▸ **Problem description**
When you transcribe the listing that follows, keep every line exact and omit the pictures.
_ _ _
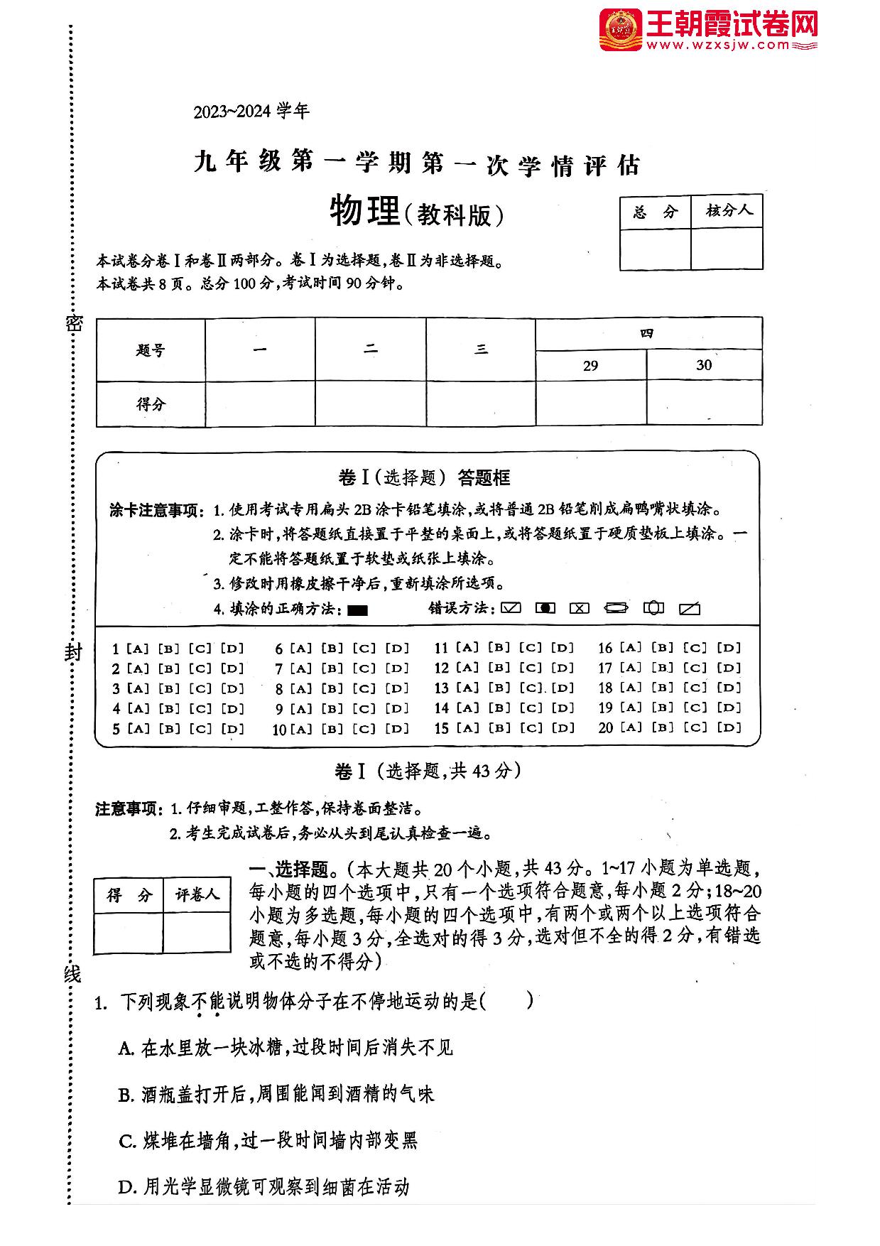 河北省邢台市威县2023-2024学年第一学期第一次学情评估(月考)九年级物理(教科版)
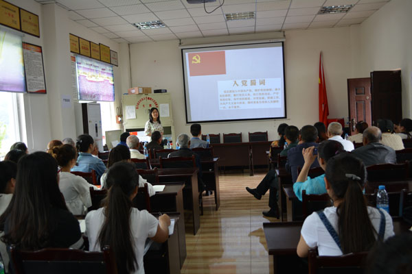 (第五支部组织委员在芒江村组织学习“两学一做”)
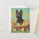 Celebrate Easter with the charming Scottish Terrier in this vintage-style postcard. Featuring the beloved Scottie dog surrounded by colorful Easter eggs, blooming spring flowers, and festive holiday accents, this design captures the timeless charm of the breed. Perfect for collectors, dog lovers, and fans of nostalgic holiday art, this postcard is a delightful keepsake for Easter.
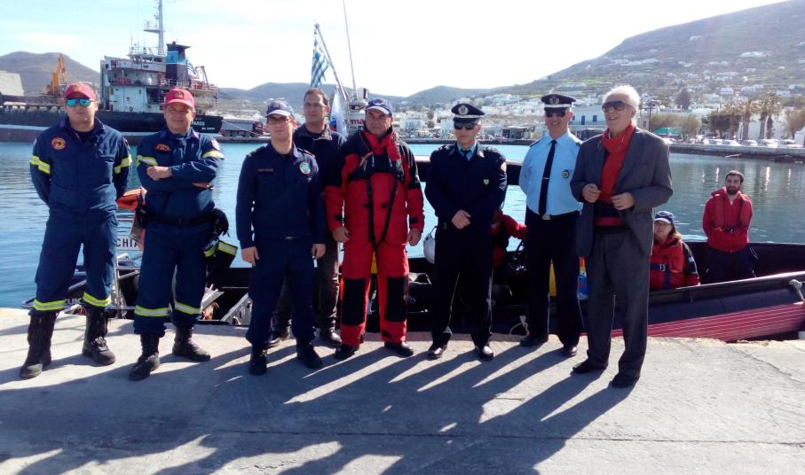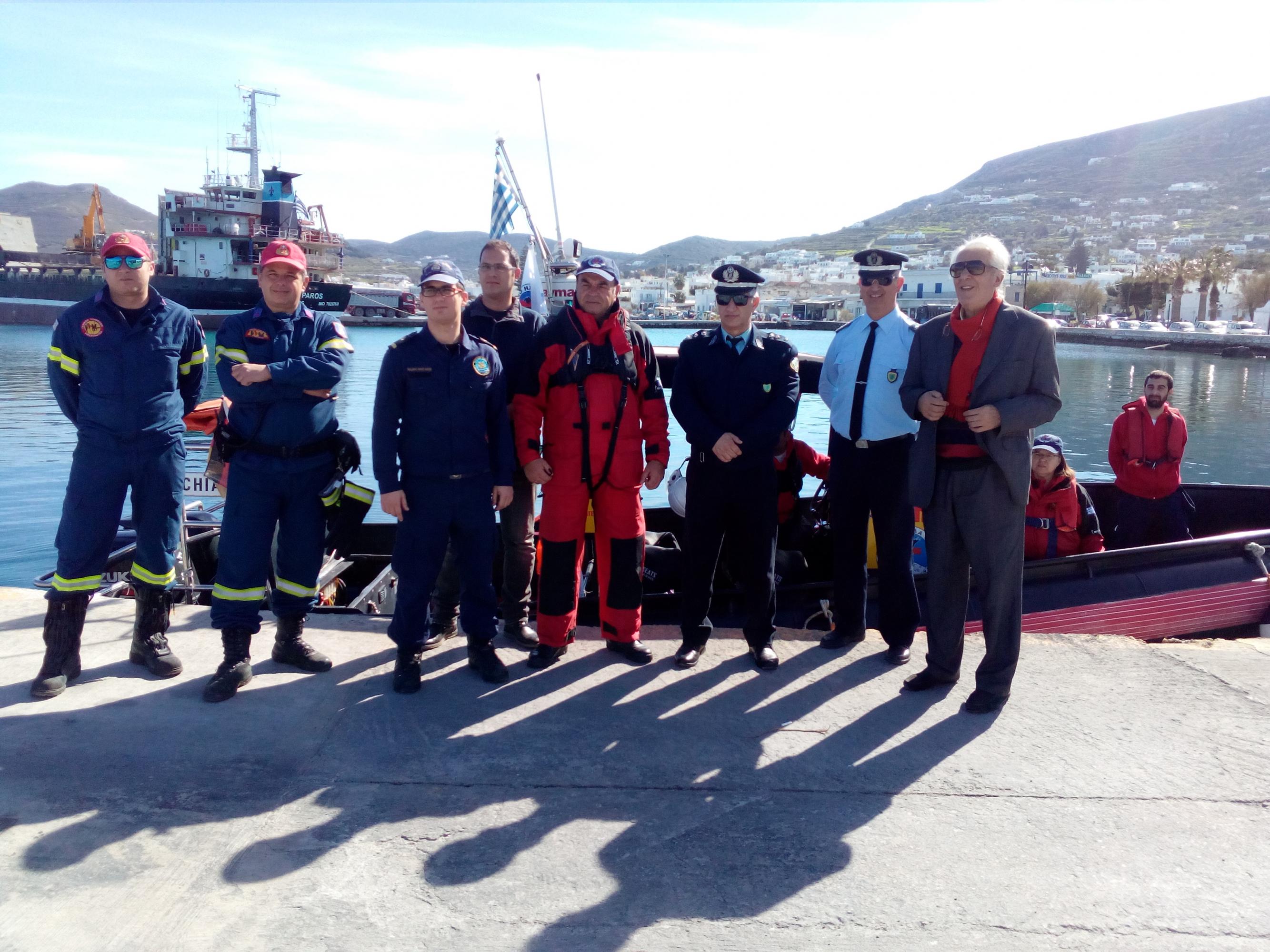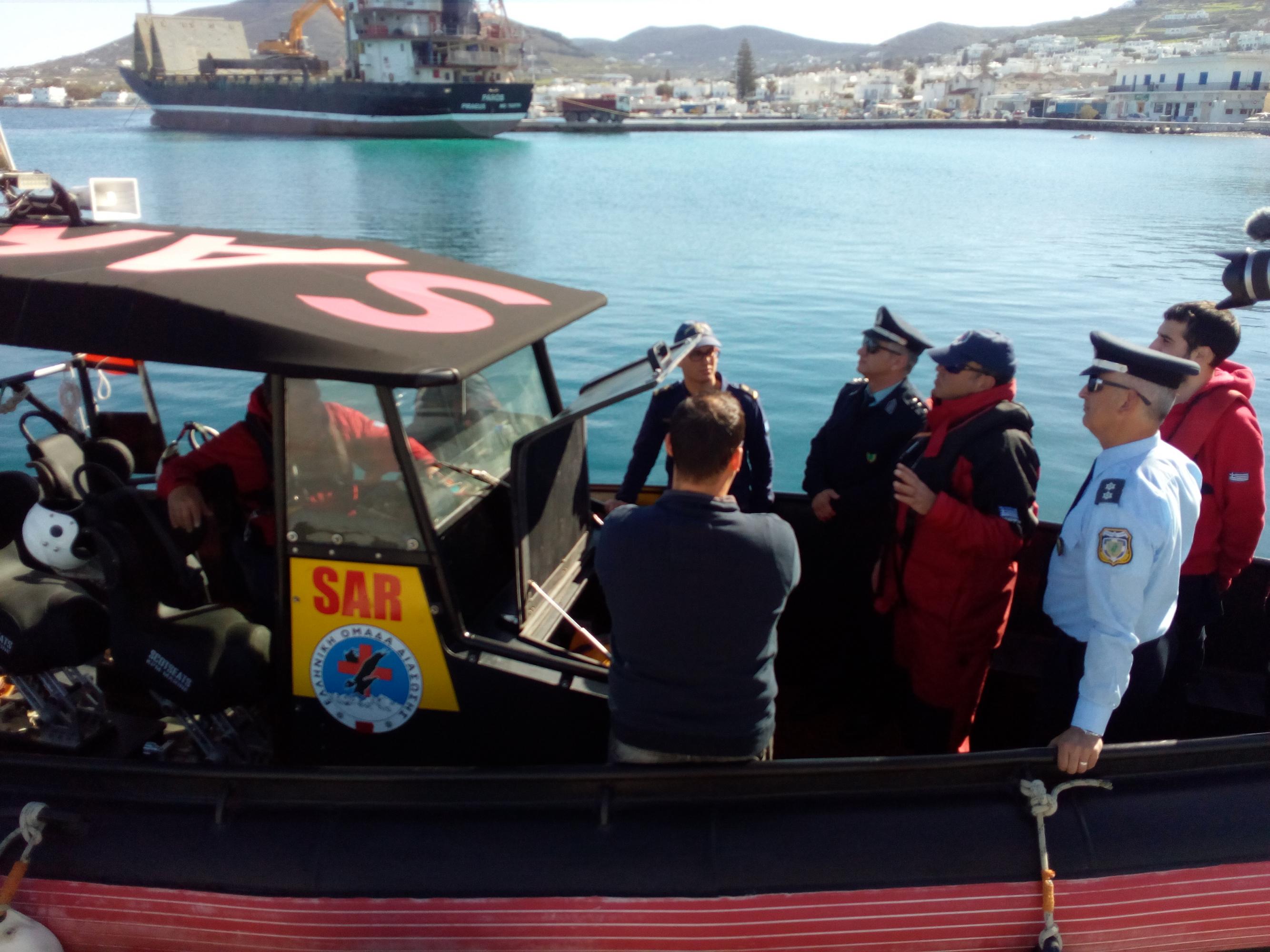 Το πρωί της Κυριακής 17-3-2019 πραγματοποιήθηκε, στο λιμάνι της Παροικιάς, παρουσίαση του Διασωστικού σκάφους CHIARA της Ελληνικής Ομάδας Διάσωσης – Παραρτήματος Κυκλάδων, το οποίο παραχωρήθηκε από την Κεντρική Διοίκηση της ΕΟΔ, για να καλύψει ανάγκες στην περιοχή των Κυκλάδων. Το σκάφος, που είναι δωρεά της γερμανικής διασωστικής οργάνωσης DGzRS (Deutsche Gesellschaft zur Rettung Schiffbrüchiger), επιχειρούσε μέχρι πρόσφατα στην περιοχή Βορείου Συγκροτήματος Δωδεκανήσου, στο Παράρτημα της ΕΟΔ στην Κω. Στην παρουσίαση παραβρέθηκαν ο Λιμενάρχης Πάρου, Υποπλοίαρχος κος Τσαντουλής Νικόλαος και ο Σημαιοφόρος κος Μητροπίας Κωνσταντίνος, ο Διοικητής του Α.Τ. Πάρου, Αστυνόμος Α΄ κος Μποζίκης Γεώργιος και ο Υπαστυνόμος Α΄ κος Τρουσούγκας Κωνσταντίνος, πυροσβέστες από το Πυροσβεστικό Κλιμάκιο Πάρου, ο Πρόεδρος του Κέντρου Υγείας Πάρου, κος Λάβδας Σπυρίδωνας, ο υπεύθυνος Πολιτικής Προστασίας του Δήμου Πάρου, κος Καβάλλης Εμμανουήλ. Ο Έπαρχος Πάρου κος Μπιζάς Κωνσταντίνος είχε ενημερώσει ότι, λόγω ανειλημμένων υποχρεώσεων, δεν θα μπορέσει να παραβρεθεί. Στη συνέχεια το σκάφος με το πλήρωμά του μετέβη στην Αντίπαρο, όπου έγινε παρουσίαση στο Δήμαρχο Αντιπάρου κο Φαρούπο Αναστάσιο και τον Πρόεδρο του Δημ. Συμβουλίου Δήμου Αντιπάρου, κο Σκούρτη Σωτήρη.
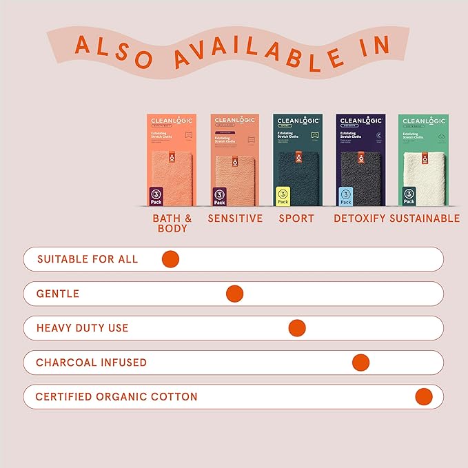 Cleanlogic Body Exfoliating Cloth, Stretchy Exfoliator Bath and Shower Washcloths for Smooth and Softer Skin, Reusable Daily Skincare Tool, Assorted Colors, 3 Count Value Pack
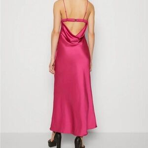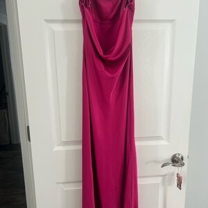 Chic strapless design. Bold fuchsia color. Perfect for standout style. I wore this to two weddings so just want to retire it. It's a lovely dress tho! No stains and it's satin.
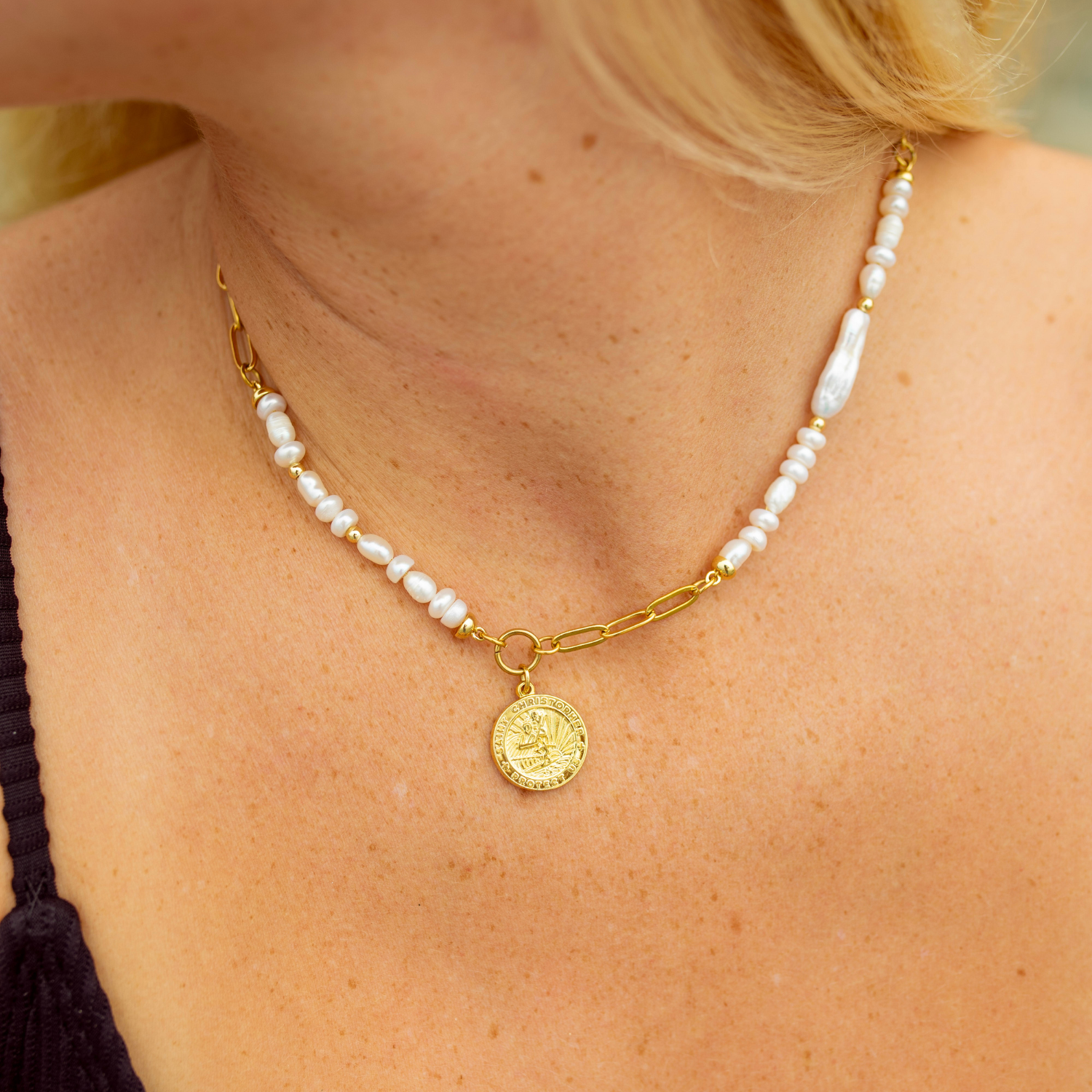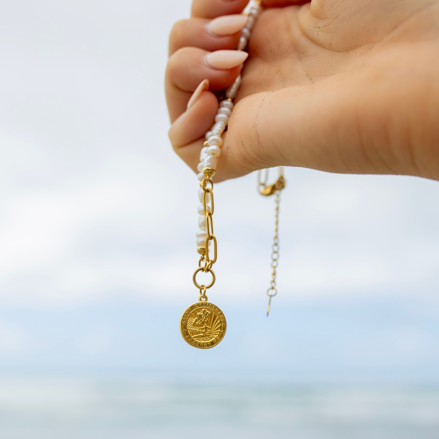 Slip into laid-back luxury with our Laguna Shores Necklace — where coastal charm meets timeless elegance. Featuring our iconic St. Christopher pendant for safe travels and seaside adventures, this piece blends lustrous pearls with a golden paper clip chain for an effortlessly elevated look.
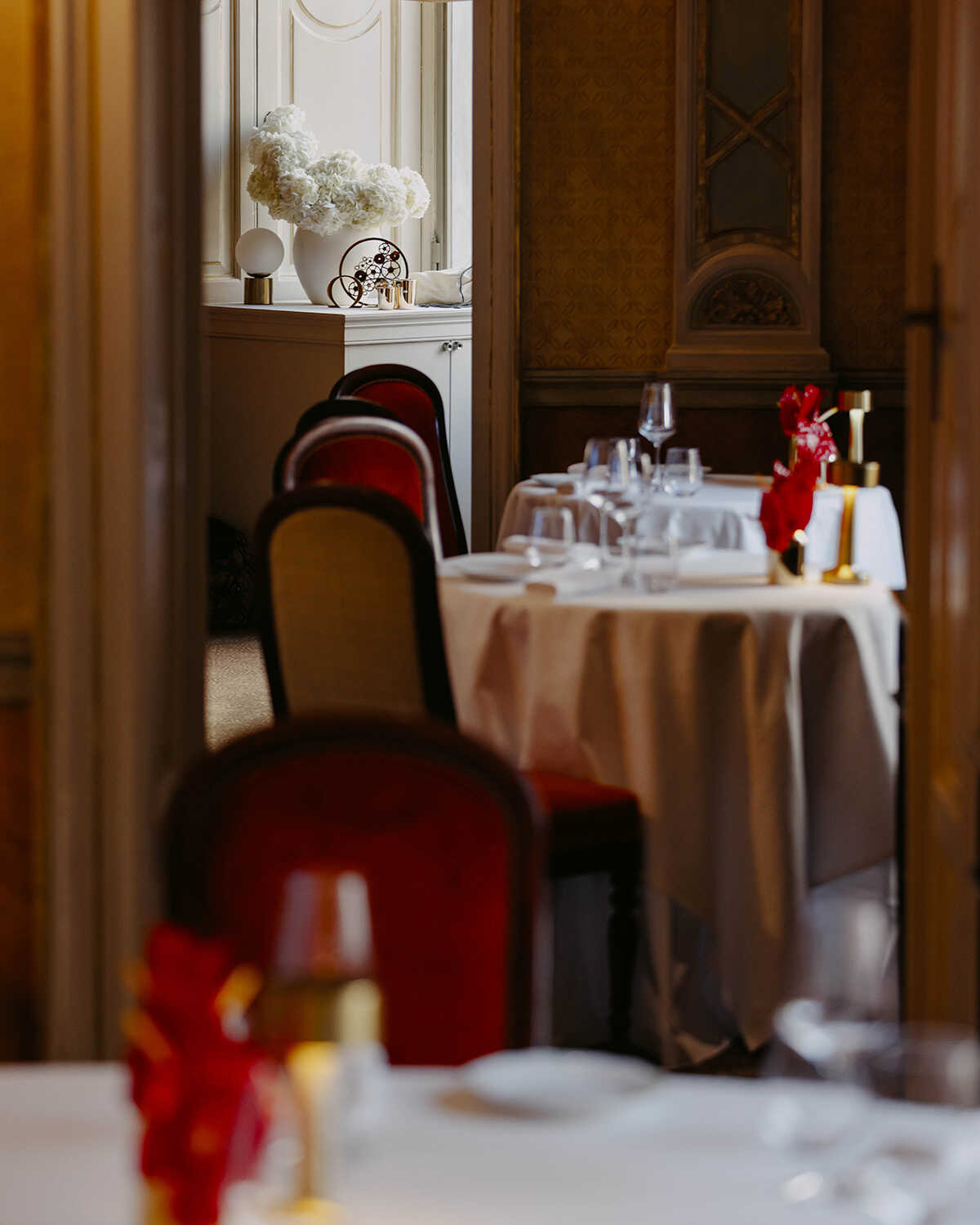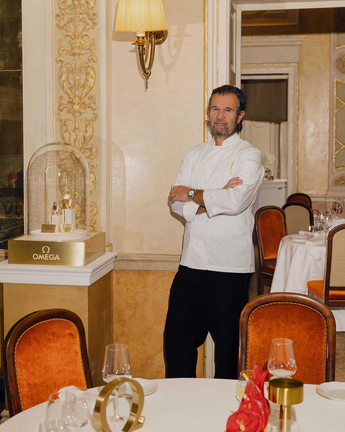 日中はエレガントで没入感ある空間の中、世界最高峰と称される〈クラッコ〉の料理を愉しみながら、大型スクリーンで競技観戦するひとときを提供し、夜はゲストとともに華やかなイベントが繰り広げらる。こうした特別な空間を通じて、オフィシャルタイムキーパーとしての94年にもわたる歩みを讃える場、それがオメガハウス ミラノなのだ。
_ _ _
▸ **Exercise response**
 河北省邢台市威县2023-2024学年第一学期第一次学情评估(月考)九年级物理(教科版)
 (第五支部组织委员在芒江村组织学习“两学一做”)
 Celebrate Easter with the charming Scottish Terrier in this vintage-style postcard. Featuring the beloved Scottie dog surrounded by colorful Easter eggs, blooming spring flowers, and festive holiday accents, this design captures the timeless charm of the breed. Perfect for collectors, dog lovers, and fans of nostalgic holiday art, this postcard is a delightful keepsake for Easter.
 Το πρωί της Κυριακής 17-3-2019 πραγματοποιήθηκε, στο λιμάνι της Παροικιάς, παρουσίαση του Διασωστικού σκάφους CHIARA της Ελληνικής Ομάδας Διάσωσης – Παραρτήματος Κυκλάδων, το οποίο παραχωρήθηκε από την Κεντρική Διοίκηση της ΕΟΔ, για να καλύψει ανάγκες στην περιοχή των Κυκλάδων. Το σκάφος, που είναι δωρεά της γερμανικής διασωστικής οργάνωσης DGzRS (Deutsche Gesellschaft zur Rettung Schiffbrüchiger), επιχειρούσε μέχρι πρόσφατα στην περιοχή Βορείου Συγκροτήματος Δωδεκανήσου, στο Παράρτημα της ΕΟΔ στην Κω. Στην παρουσίαση παραβρέθηκαν ο Λιμενάρχης Πάρου, Υποπλοίαρχος κος Τσαντουλής Νικόλαος και ο Σημαιοφόρος κος Μητροπίας Κωνσταντίνος, ο Διοικητής του Α.Τ. Πάρου, Αστυνόμος Α΄ κος Μποζίκης Γεώργιος και ο Υπαστυνόμος Α΄ κος Τρουσούγκας Κωνσταντίνος, πυροσβέστες από το Πυροσβεστικό Κλιμάκιο Πάρου, ο Πρόεδρος του Κέντρου Υγείας Πάρου, κος Λάβδας Σπυρίδωνας, ο υπεύθυνος Πολιτικής Προστασίας του Δήμου Πάρου, κος Καβάλλης Εμμανουήλ. Ο Έπαρχος Πάρου κος Μπιζάς Κωνσταντίνος είχε ενημερώσει ότι, λόγω ανειλημμένων υποχρεώσεων, δεν θα μπορέσει να παραβρεθεί. Στη συνέχεια το σκάφος με το πλήρωμά του μετέβη στην Αντίπαρο, όπου έγινε παρουσίαση στο Δήμαρχο Αντιπάρου κο Φαρούπο Αναστάσιο και τον Πρόεδρο του Δημ. Συμβουλίου Δήμου Αντιπάρου, κο Σκούρτη Σωτήρη.
 Cleanlogic Body Exfoliating Cloth, Stretchy Exfoliator Bath and Shower Washcloths for Smooth and Softer Skin, Reusable Daily Skincare Tool, Assorted Colors, 3 Count Value Pack
 Chic strapless design. Bold fuchsia color. Perfect for standout style. I wore this to two weddings so just want to retire it. It's a lovely dress tho! No stains and it's satin.
 Slip into laid-back luxury with our Laguna Shores Necklace — where coastal charm meets timeless elegance. Featuring our iconic St. Christopher pendant for safe travels and seaside adventures, this piece blends lustrous pearls with a golden paper clip chain for an effortlessly elevated look.
 日中はエレガントで没入感ある空間の中、世界最高峰と称される〈クラッコ〉の料理を愉しみながら、大型スクリーンで競技観戦するひとときを提供し、夜はゲストとともに華やかなイベントが繰り広げらる。こうした特別な空間を通じて、オフィシャルタイムキーパーとしての94年にもわたる歩みを讃える場、それがオメガハウス ミラノなのだ。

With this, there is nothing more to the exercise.